The hallmark of a 501(c)(3) public charity is that it receives enough support from donations or grants to make it accountable to the public good. But many 501(c)(3)s also generate income from business-type activities – like selling products or services.
Generally, this is fine – and won’t jeopardize the tax exemption. But if the scope of the business-type activities is too big compared with the nonprofit’s exempt, charitable activities and purposes, that can spell trouble.
What kind of trouble? An excise tax; that is, the unrelated business income tax, commonly referred to as “UBIT.”
Unrelated Business Income Tax
In “The Fourth Way to Sink Your Tax Exemption: Too Much Unrelated Business Income,” we first dipped our toes into the UBIT waters.
This special excise tax on unrelated business income may apply if an activity meets all three of these factors:
- (1) it constitutes a “trade or business”,
- (2) it is “regularly carried on,” and
- (3) it is not “substantially related” to the charity’s exempt purposes.
The Internal Revenue Service publishes a helpful guide to UBIT: Publication 578. In the Introduction to Pub 578, these three factors are explained both backward and forward:
(Backward:) An exempt organization is not taxed on its income from an activity substantially related to the charitable, educational, or other purpose that is the basis for the organization’s exemption.

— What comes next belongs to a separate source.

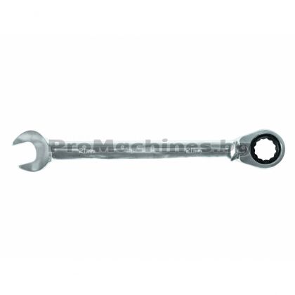 Top Master Pro представя звездогаечен ключ с тресчотка 21 мм., изработен от висококачествена хром-ванадиева стомана. Моделът е изцяло полиран и е с хром-никелово антикорозионно покритие. Ключът притежава прецизен тресчотен механизъм със 72 зъба, който позволява реверсивен ъгъл на рамото от 5°. Инструментът има възможност за смяна на посоката, а главата на ключа е с наклон 15°, което го прави подходящ за работа на труднодостъпни места.

Such income is exempt even if the activity is a trade or business.
(Forward:) However, if an exempt organization regularly carries on a trade or business not substantially related to its exempt purpose, except that it provides funds to carry out that purpose, the organization is subject to tax on its income from that unrelated trade or business.
What is a “Trade or Business” Under the UBIT Statute?
The least complicated prong of this 3-part test is themeaning of a “trade or business.” It’s fairly easy because the approach of the IRS is along the lines of: “If it looks like a duck, and quacks like a duck, then ….” The term ‘trade or business’ generally includes any activity conducted for the production of income from selling goods or performing services….An activity must be conducted with intent to profit to constitute a trade or business.”
So far, so good. The term “trade or business” here is roughly the same as that term is used in the income tax rules to determine deductibility of business expenses. Quack, quack. And even if the “trade or business” doesn’t actually generate a profit in a particular year, it can still be a “trade or business” for purposes of this test.
One Special Situation
A common scenario – a variation – is worth mentioning here:
An activity does not lose its identity as a trade or business merely because it is conducted within a larger group of similar activities that may or may not be related to the exempt purposes of the organization.
Pub 578 gives an example (from the federal tax regulations) that’s fairly straightforward: a hospital pharmacy open to the general public:
The regular sale of pharmaceutical supplies to the general public by a hospital pharmacy does not lose its identity as a trade or business, even though the pharmacy also furnishes supplies to the hospital and patients of the hospital in accordance with its exempt purpose.
The quacking sounds are heard only in the pharmacy; that is, the “trade or business.” No ducks are spotted wandering around the hospital operating rooms or the maternity ward.
There are exceptions, of course – as well as exceptions to the exceptions. This is a complicated statute.